───── Data shown ─────

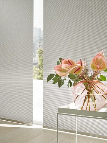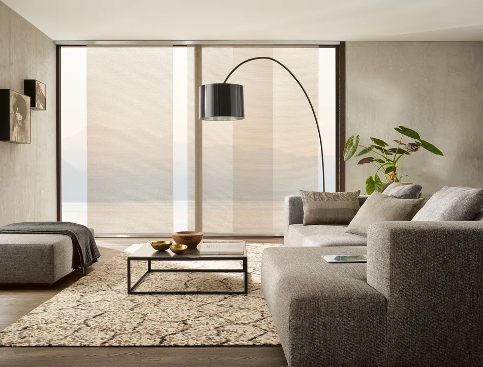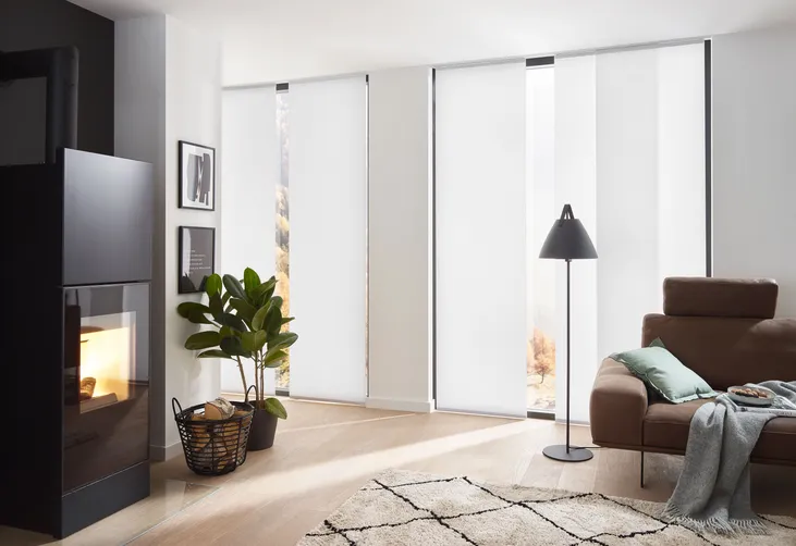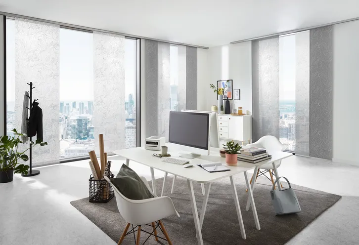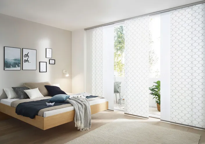 Der Flächenvorhang besticht durch großflächige Paneele, die sich genau nach Ihren Wünschen gestalten lassen. Die Paneele lassen sich dank des Schiebesystems beliebig seitlich verschieben und hintereinander stapeln. Ein abwechslungsreiches Spiel mit Licht, Schatten, Ein- und Ausblicken!
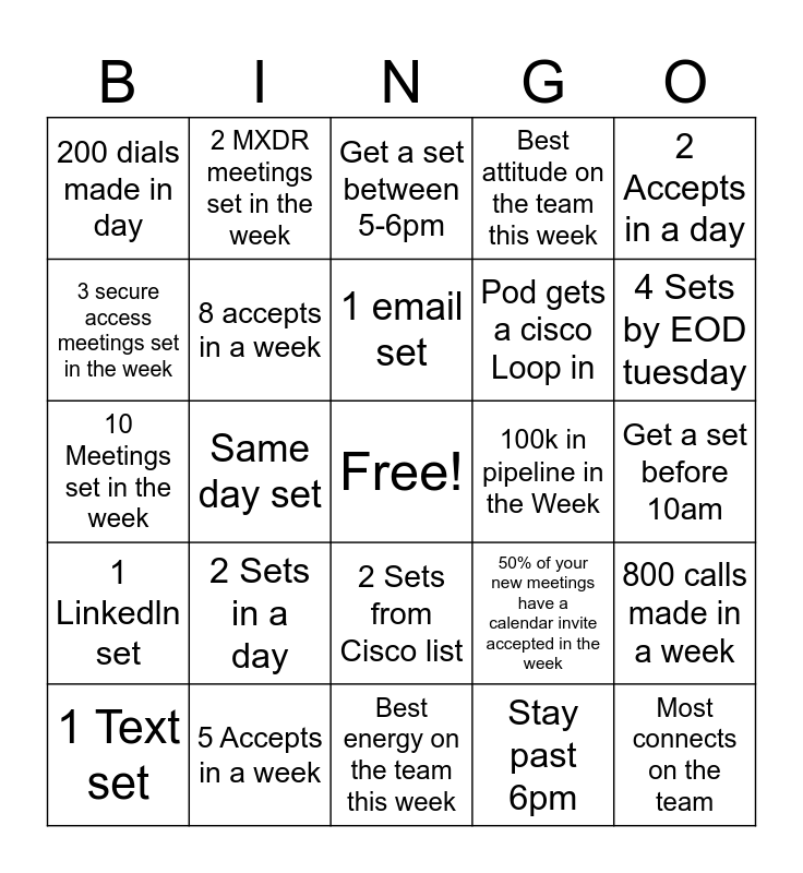 This bingo card has a free space and 24 words: 2 Sets in a day, 5 Accepts in a week, 1 email set, 1 Text set, 2 Accepts in a day, 200 dials made in day, 3 secure access meetings set in the week, 2 MXDR meetings set in the week, 100k in pipeline in the Week, 2 Sets from Cisco list, Pod gets a cisco Loop in, 10 Meetings set in the week, 50% of your new meetings have a calendar invite accepted in the week, 800 calls made in a week, 8 accepts in a week, Stay past 6pm, Get a set before 10am, Get a set between 5-6pm, 4 Sets by EOD tuesday, Same day set, Most connects on the team, 1 Linkedln set, Best attitude on the team this week and Best energy on the team this week.
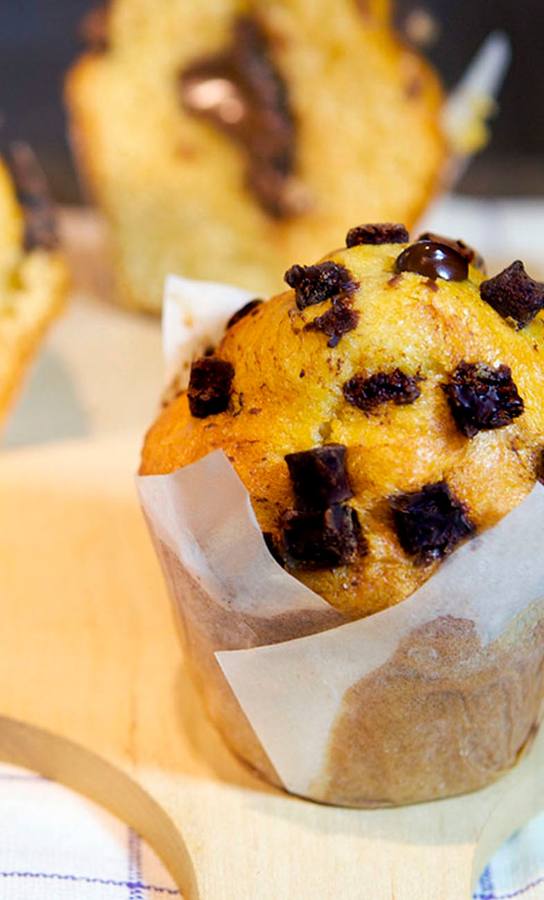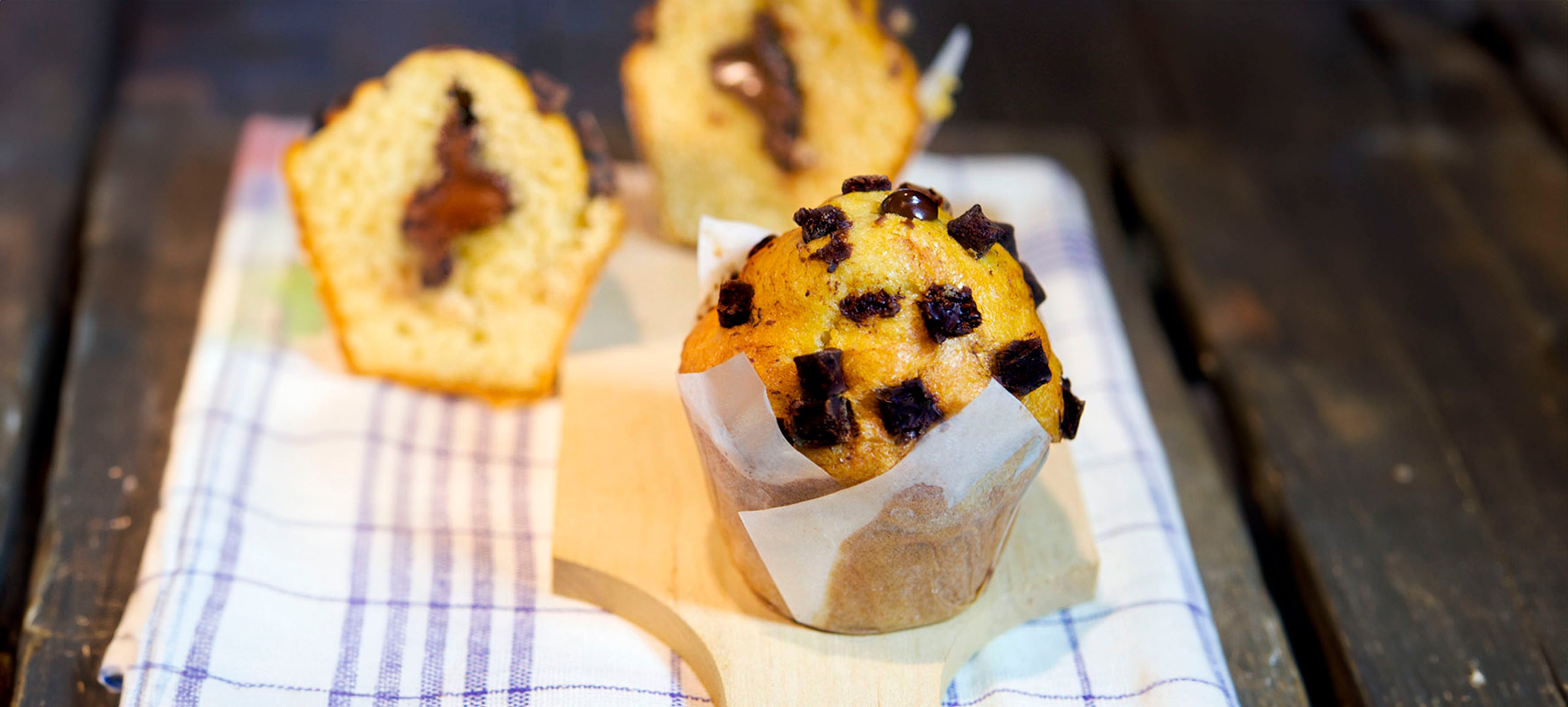 Muffin ripieno alla nocciola e gocce di cioccolato

─────

→ **Try it**
Repeat every line above exactly, but omit all images.

→ **Task result**
 Der Flächenvorhang besticht durch großflächige Paneele, die sich genau nach Ihren Wünschen gestalten lassen. Die Paneele lassen sich dank des Schiebesystems beliebig seitlich verschieben und hintereinander stapeln. Ein abwechslungsreiches Spiel mit Licht, Schatten, Ein- und Ausblicken!
 This bingo card has a free space and 24 words: 2 Sets in a day, 5 Accepts in a week, 1 email set, 1 Text set, 2 Accepts in a day, 200 dials made in day, 3 secure access meetings set in the week, 2 MXDR meetings set in the week, 100k in pipeline in the Week, 2 Sets from Cisco list, Pod gets a cisco Loop in, 10 Meetings set in the week, 50% of your new meetings have a calendar invite accepted in the week, 800 calls made in a week, 8 accepts in a week, Stay past 6pm, Get a set before 10am, Get a set between 5-6pm, 4 Sets by EOD tuesday, Same day set, Most connects on the team, 1 Linkedln set, Best attitude on the team this week and Best energy on the team this week.
 Muffin ripieno alla nocciola e gocce di cioccolato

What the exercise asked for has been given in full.